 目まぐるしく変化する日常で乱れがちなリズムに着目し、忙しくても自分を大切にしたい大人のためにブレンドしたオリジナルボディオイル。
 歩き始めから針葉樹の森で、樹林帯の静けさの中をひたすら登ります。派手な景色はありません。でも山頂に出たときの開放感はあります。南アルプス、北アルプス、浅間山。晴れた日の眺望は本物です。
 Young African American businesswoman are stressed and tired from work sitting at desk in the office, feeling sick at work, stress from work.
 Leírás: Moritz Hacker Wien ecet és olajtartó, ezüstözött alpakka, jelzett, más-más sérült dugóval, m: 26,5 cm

• • • • •

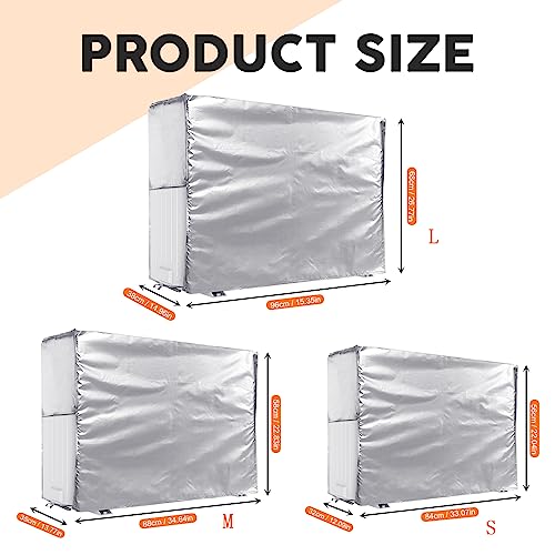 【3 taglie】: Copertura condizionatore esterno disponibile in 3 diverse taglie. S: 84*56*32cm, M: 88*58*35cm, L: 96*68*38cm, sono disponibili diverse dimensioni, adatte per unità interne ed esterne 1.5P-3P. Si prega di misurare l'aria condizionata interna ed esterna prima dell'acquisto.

• • • • •

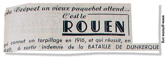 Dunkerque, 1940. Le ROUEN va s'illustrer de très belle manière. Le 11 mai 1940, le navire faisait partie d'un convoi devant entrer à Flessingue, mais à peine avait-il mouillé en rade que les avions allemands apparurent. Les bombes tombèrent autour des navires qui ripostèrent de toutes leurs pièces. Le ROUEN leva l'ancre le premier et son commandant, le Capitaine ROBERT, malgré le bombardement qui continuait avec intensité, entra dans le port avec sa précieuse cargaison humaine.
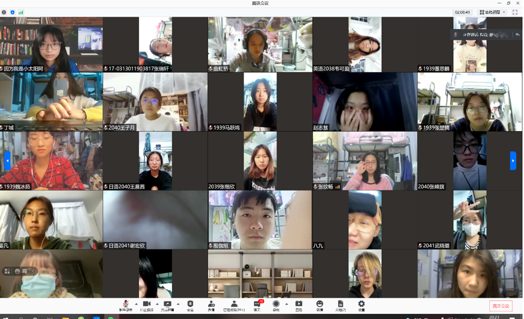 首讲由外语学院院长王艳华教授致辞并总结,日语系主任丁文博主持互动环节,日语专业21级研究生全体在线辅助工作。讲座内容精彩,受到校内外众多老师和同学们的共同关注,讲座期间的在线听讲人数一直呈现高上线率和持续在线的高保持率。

• • • • •

Task directions
Everything above from the line containing "Dunkerque, 1940. Le" through the line containing "首讲由外语学院院长王艳华教授" must be repeated exactly, and the pictures must be left out.

Task response
 Dunkerque, 1940. Le ROUEN va s'illustrer de très belle manière. Le 11 mai 1940, le navire faisait partie d'un convoi devant entrer à Flessingue, mais à peine avait-il mouillé en rade que les avions allemands apparurent. Les bombes tombèrent autour des navires qui ripostèrent de toutes leurs pièces. Le ROUEN leva l'ancre le premier et son commandant, le Capitaine ROBERT, malgré le bombardement qui continuait avec intensité, entra dans le port avec sa précieuse cargaison humaine.
 首讲由外语学院院长王艳华教授致辞并总结,日语系主任丁文博主持互动环节,日语专业21级研究生全体在线辅助工作。讲座内容精彩,受到校内外众多老师和同学们的共同关注,讲座期间的在线听讲人数一直呈现高上线率和持续在线的高保持率。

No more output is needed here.